The following constitutes Amendment No. 9 to the Schedule 13D filed by the undersigned (“Amendment No. 9”).  This Amendment No. 9 amends the Schedule 13D as specifically set forth herein.   
 
Item 3.
Source and Amount of Funds or Other Consideration.

Item 3 is hereby amended and restated to read as follows:
 
The Shares purchased by Lone Star Value Investors and held in a certain account managed by Lone Star Value Management (the “Lone Star Value Account”) were purchased with working capital (which may, at any given time, include margin loans made by brokerage firms in the ordinary course of business).  The aggregate purchase price of the 1,666,755 Shares directly owned by Lone Star Value Investors is approximately $2,150,380, including brokerage commissions. The aggregate purchase price of the 69,911 Shares held in the Lone Star Value Account is approximately $398,517, including brokerage commissions.

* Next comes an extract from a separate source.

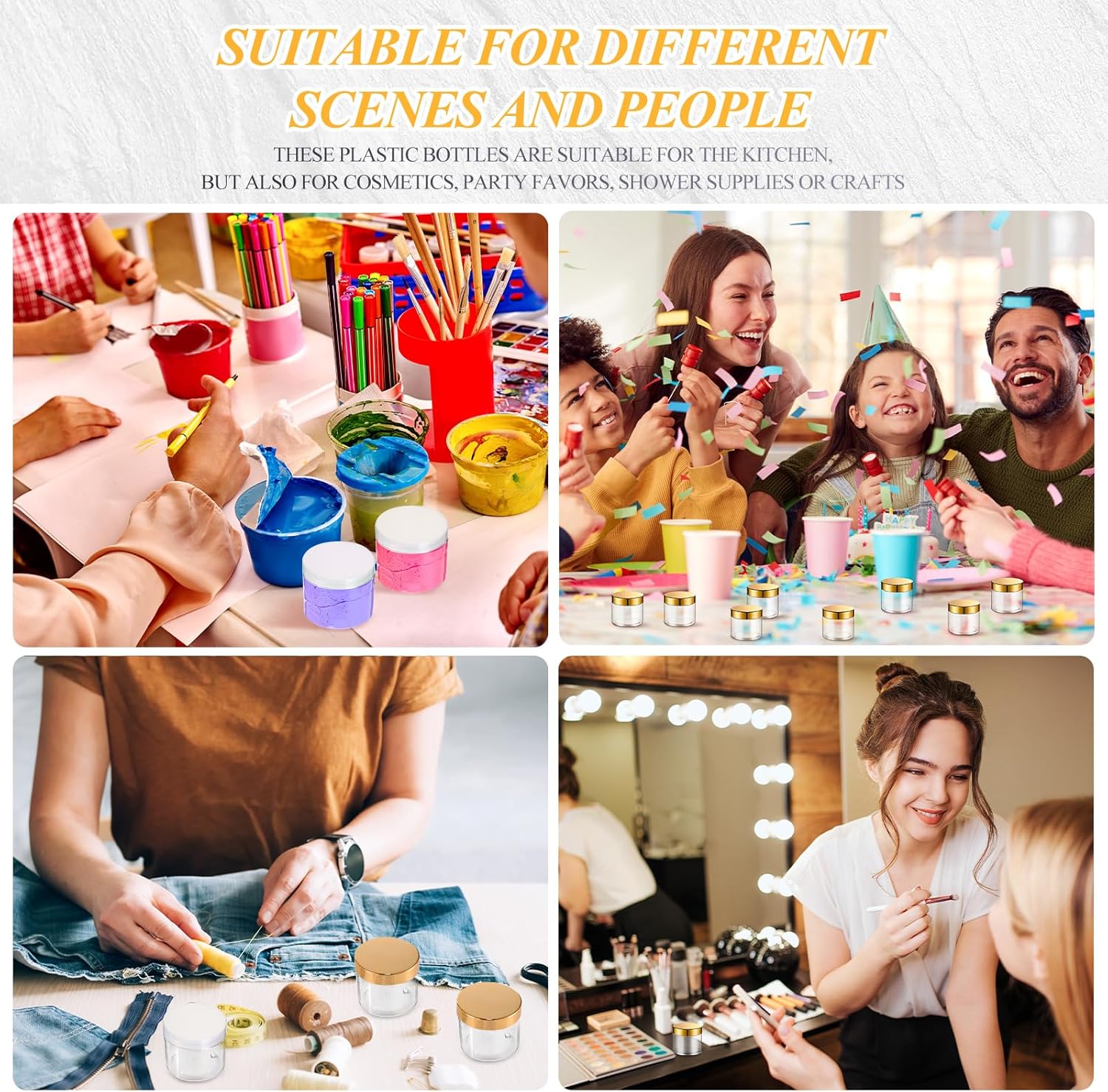 - Multi-functional Container: good way to store your homemade cosmetic, body lotion, moisturizers, face masks, specimen collection, putty, lotions, fragrances, DIY, party favors, or other crafts, good tools in daily life

On May 13, 2016, Lone Star Value Investors completed an early partial exercise of a warrant issued on May 26, 2015 (as further described in Amendment No. 3 to the Schedule 13D, the “May 2015 Warrant”) for 1,111,111 Shares at a price of $1.80 per Share, for total consideration to the Issuer of $2,000,000. On May 13, 2016, Lone Star Value Investors was also issued a replacement warrant for the remaining Shares under the May 2015 Warrant on the same terms, which gives Lone Star Value Investors the right to purchase up to 1,666,666 Shares at an exercise price equal to $1.80 per Share.  Additionally, on May 13, 2016, the Issuer issued a five-year warrant to Lone Star Value Investors for the purchase of 1,000,000 Shares at a price of $6.00 per Share (the “May 2016 Warrant”), on substantively the same terms as the May 2015 Warrant.

The 20,227 Shares beneficially owned directly by Mr. Eberwein represent unissued Shares underlying certain vested restricted stock units granted to Mr. Eberwein in connection with his service as Chairman of the Issuer’s Board of Directors.
 
Item 5.
Interest in Securities of the Issuer.

Items 5(a) – (c) are hereby amended and restated to read as follows:

The aggregate percentage of Shares reported owned by each person named herein is based upon 13,885,972 Shares outstanding as of November 14, 2016, which is the total number of Shares outstanding as reported in the Issuer’s Quarterly Report on Form 10-Q, filed with the Securities and Exchange Commission on November 14, 2016.

A.
Lone Star Value Investors

 
(a)
As of the close of business on January 3, 2017, Lone Star Value Investors beneficially owned 4,333,421 Shares, including 1,666,666 Shares issuable upon the exercise of the May 2015 Warrant and 1,000,000 Shares issuable upon the exercise of the May 2016 Warrant.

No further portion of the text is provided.